Unix also has a strong tradition of maintaining binary compatibility.
Just because source-code is available doesn't mean that it is
necessarily desirable to have to recompile your sources every time
you upgrade to a new version.

>  I believe that most
> distributions use glibc which has been pretty consistant.  Signal
> handling has alway been a problem for Unix its no surprise Linux has
> similar problems.

This is simply not true.  It is true that there have been changes
in signal handling over the years, but for hardware unix vendors,
this usually is accompanied by a supreme effort to make such
changes backward-compatible, or to thoroughly document such changes.
I have seen neither of these efforts in Linux systems.

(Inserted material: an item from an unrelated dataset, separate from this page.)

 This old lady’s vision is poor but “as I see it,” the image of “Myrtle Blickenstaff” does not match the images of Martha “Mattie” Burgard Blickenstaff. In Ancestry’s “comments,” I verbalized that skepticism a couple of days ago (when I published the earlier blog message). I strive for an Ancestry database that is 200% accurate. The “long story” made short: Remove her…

> > I would love to see linux move to a standards compliance in the area
> > of signal handling (such as Posix).  I think that they are starting
> > to finally move in that direction, but of course in a non-upward-
> > compatible way.  Meanwhile, our lisp can only run on those systems
> > on which we have specifically configured the signal-handling to work.
> 
> CLISP, CMUCL and its derivatives seem to move from distribution to
> distribution quite well and I use them both.  This would seem to apply
> to the Red Hat and Debian distribution which cover most of the GNU/Linux
> users.

I wouldn't be a bit surprised at this.  I don't know the extent to
which either CLISP or CMUCL use signals,  but if they make little use
of them, it would of course explain the greater portability between
system versions of these two implementations.  But then some of the
advantages that direct signal handling affords would not be available,
either.

My point is that we don't have this signal compatibility problem with
any other operating systems to the degree we have with Linux.  Not
even Windows :-)

-- 
Duane Rettig          Franz Inc.            http://www.franz.com/ (www)
1995 University Ave Suite 275  Berkeley, CA 94704
Phone: (510) 548-3600; FAX: (510) 548-8253   ·····@Franz.COM (internet)
From: Daniel E. Wilson
Subject: Re: Allegro 6.0 on Linux for PPC
Date: 
Message-ID: <3B3ECDFC.8020309@teleport.com>
Duane Rettig wrote:

> "Daniel E. Wilson" <·······@teleport.com> writes:
>  
> I wouldn't be a bit surprised at this.  I don't know the extent to
> which either CLISP or CMUCL use signals,  but if they make little use
> of them, it would of course explain the greater portability between
> system versions of these two implementations.  But then some of the
> advantages that direct signal handling affords would not be available,
> either.
> 
> My point is that we don't have this signal compatibility problem with
> any other operating systems to the degree we have with Linux.  Not
> even Windows :-)


Few programs on Unix use signals.  When they do that is when I tend to

see lots of conditionals to handle the different proprietary versions
of Unix.  It wasn't just signals that tended to be different.  Signals
always seemed to me to be something to be used only if there is no
other solution.  Avoid if at all possible.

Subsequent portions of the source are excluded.